64 bytes from 192.168.5.4: icmp_seq=1 ttl=64 time=0.145 ms
64 bytes from 192.168.5.4: icmp_seq=2 ttl=64 time=0.094 ms
--- 192.168.5.4 ping statistics ---
2 packets transmitted, 2 received, 0% packet loss, time 999ms
rtt min/avg/max/mdev = 0.094/0.119/0.145/0.027 ms
netns9:~ # ping 192.168.5.6 -c2
PING 192.168.5.6 (192.168.5.6) 56(84) bytes of data.

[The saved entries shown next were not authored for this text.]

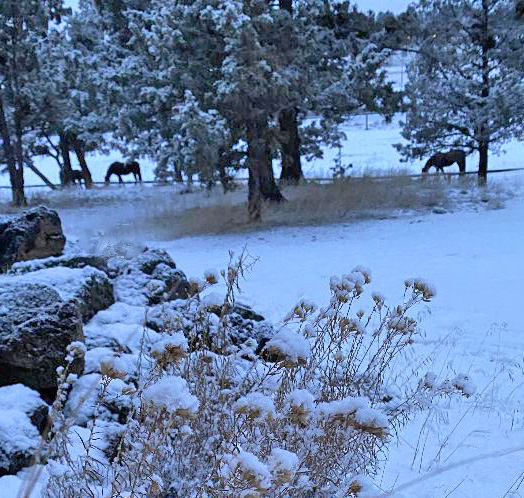 Yesterday, what a day! Throughout it, our area had had light snowing and no accumulating. But around 4 p.m., a head-on weather change killed my then-plan, to feed the horses before leaving for Redmond to attend a driving club meeting.
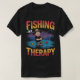 Esta camiseta preta apresenta uma mensagem ousada e entusiástica para os entusiastas da pesca. As palavras "FISHING IS MY" são apresentadas em caracteres grandes, brancos, ligeiramente curvos no topo. Abaixo, uma ilustração cartoon mostra uma pessoa vestindo um chapéu de pesca, segurando uma vara de pesca e enrolando em um peixe grande. A palavra "TERAPIA" aparece no fundo numa fonte maior, amarela. O fundo mostra uma cena estilizada de lago com árvores e um pôr do sol ou nascer do sol. Esta design sugere, com humor, que a pesca é uma atividade terapêutica e relaxante.
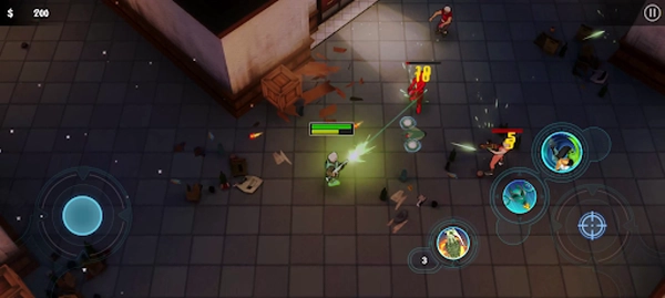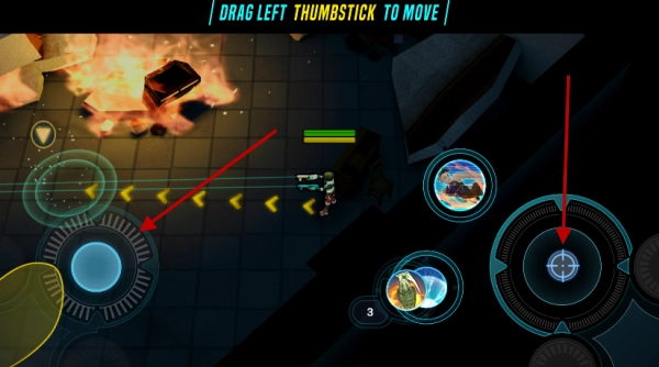 4、通过屏幕左侧的摇杆来操控角色移动,借助右侧的摇杆完成射击操作。
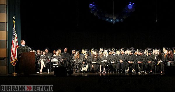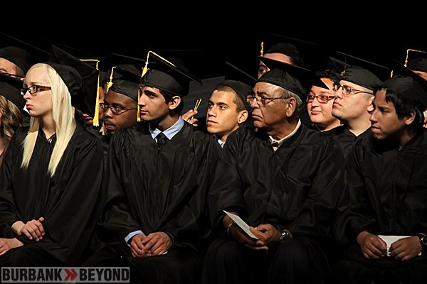 The Burbank Adult School class of 2012 with 98 high school diplomas recipients and 63 general education diplomas handed out, listen to keynote speaker Stan Carrizosa, reflect his early years of his life that were challenging, and reminding them to also look forward. (Photo by Ross A. Benson)
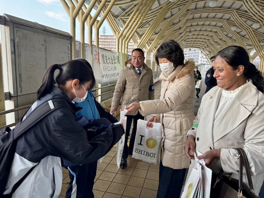 白井市と千葉県印西警察署は昨年12月23日、北総鉄道白井駅前で「外国人合同防犯パトロール」を実施した。
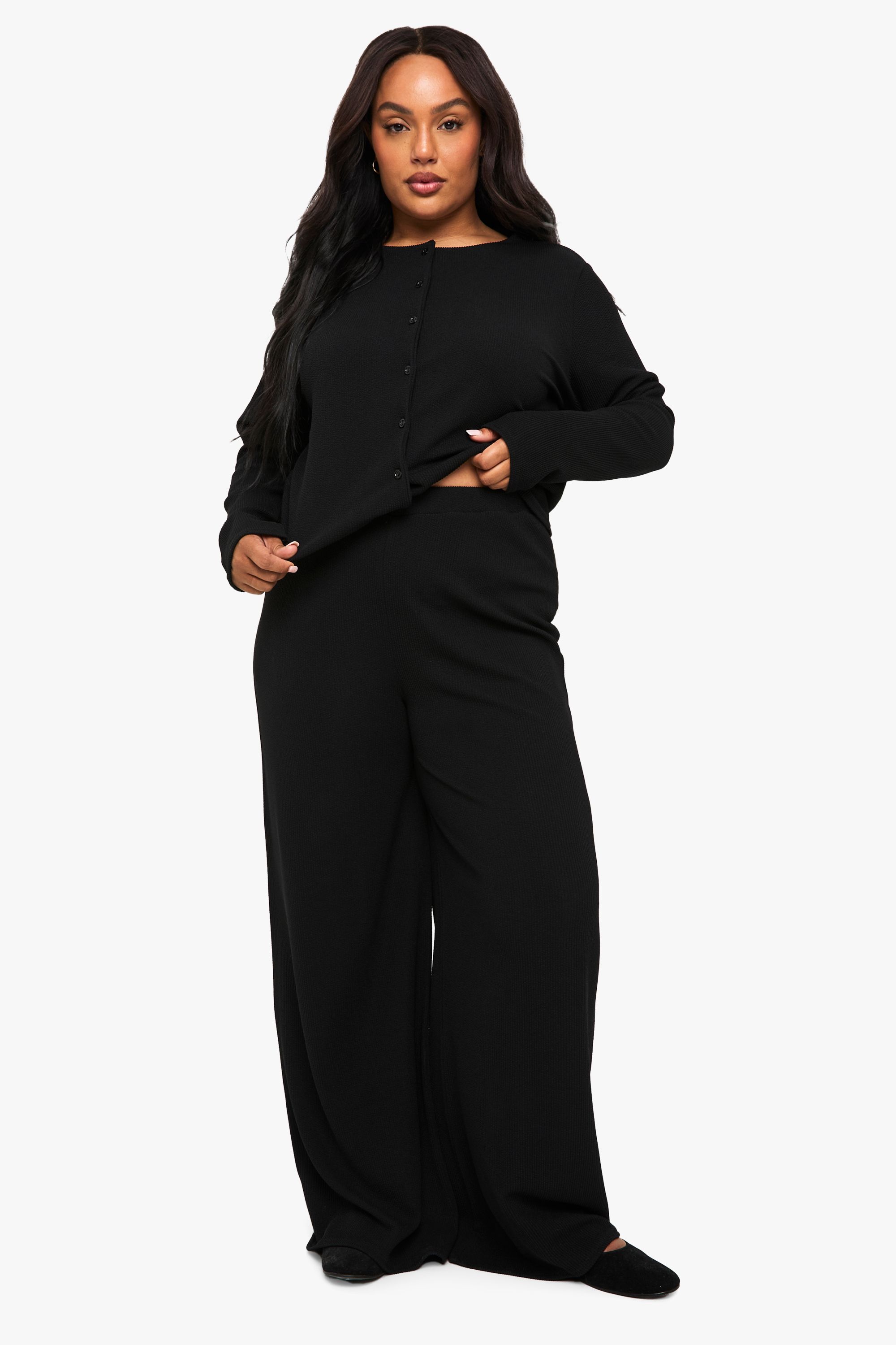 Boohoo Womens Plus Rib Cardigan and Wide Leg Trouser Co Ord - Black & Off-White - Size 22 UK

64 bytes from 192.168.5.6: icmp_seq=1 ttl=64 time=0.177 ms
64 bytes from 192.168.5.6: icmp_seq=2 ttl=64 time=0.084 ms
--- 192.168.5.6 ping statistics ---
2 packets transmitted, 2 received, 0% packet loss, time 999ms
rtt min/avg/max/mdev = 0.084/0.130/0.177/0.047 ms
netns9:~ #
Summary and outlook
It is easy to make a network namespace or container a common member of two separate VLANs realized by a Linux bridge. You have to terminate virtual veth connections, which transport tagged packets from both VLANs, properly inside the common target namespace by sub-interfaces. As long as we do not enable forwarding in the common namespace the VLANs remain separated. But routes need to be defined to direct packets from the common member to the right VLAN.
In the next post we look at commands to realize a connection of bridge based VLANs to a common network namespace with untagged packets. Such solutions are interesting for connecting multiple virtual VLANs to routers to external networks.